This exercise shows you how to take a dataset that is in recording layout and convert to community layout. Get the datafile for this exercise: Preparing and managing community data exercise.xlsx.

See also some notes about data layout and management from my book Managing Data Using Excel, on my Writer's Bloc page.


The exercise data:

Preparing and managing community data exercise.xlsx

Plant species abundance and frequency from UK NVC survey

Top

The exercise data

The exercise data are in the file Preparing and managing community data exercise.xlsx. There are several worksheets, with the Data tab being the main data. The other worksheets contain a note about the domin scale (an ordinal scale of plant abundance), a completed Pivot Table and a dataset ready for export as CSV.

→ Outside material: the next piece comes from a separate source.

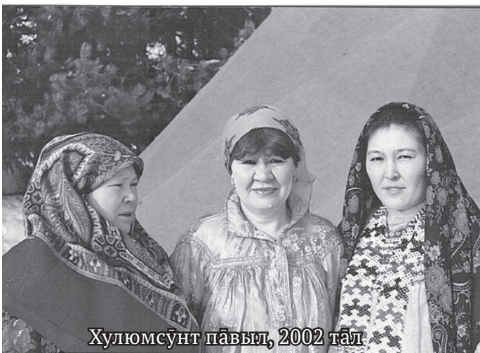
Хулюмсүнт павыл, 2002 тәл

The data show the abundance of some terrestrial plant species at ten sites in Shropshire. These data are part of a series of NVC surveys carried out by student groups. Here are the first few rows of the dataset:

Site Species Const Cover Imp
ML1 Achillea millefolium 5 6 6
ML1 Centaurea nigra 5 4 4
ML1 Lathyrus pratensis 5 5 5
ML1 Leucanthemum vulgare 5 5 5
ML1 Lotus corniculatus 5 7 7
ML1 Plantago lanceolata 5 5 5

The data are as follows:

  • Site = Site names as a simple label.
  • Species = Plant species names.
  • Const = Frequency of occurrence (a value from 0-5).
  • Cover = The maximum abundance in domin scale (a value from 1-10) from the 5 quadrats at each site.
  • Imp = A combination of Const and Cover (Const * Cover ÷ 5) to give an abundance score.

These data are set out in scientific recording layout, that is, each column is a single variable and each row is a "record". This gives the most flexibility and maximises the usefulness of the data. However, for community analysis we'll need the data in community layout like so:

Species ML1 ML2 MU1 MU2 PL2 PU2 SL1 SL2 SU1 SU2
Achillea millefolium 6 3 5 4 0 3.2 0 0 0 0
Aegopodium podagraris 0 0 0 0 0 0 0 1.6 0 0
Agrostis capillaris 0 8 8 5.6 8 0 5 2 3.2 0
Agrostis stolonifera 0 0 0 0 0 5 0 0.4 0 0
Anthriscus sylvestris 0 0 0 0 0 0 0 0 1.2 3
Arctium minus 0 0 0 0 0 0 0 0 0 0.4

In this case the columns are the sites. It is easy to transpose the data, either in Excel or later on if you have exported the data to CSV.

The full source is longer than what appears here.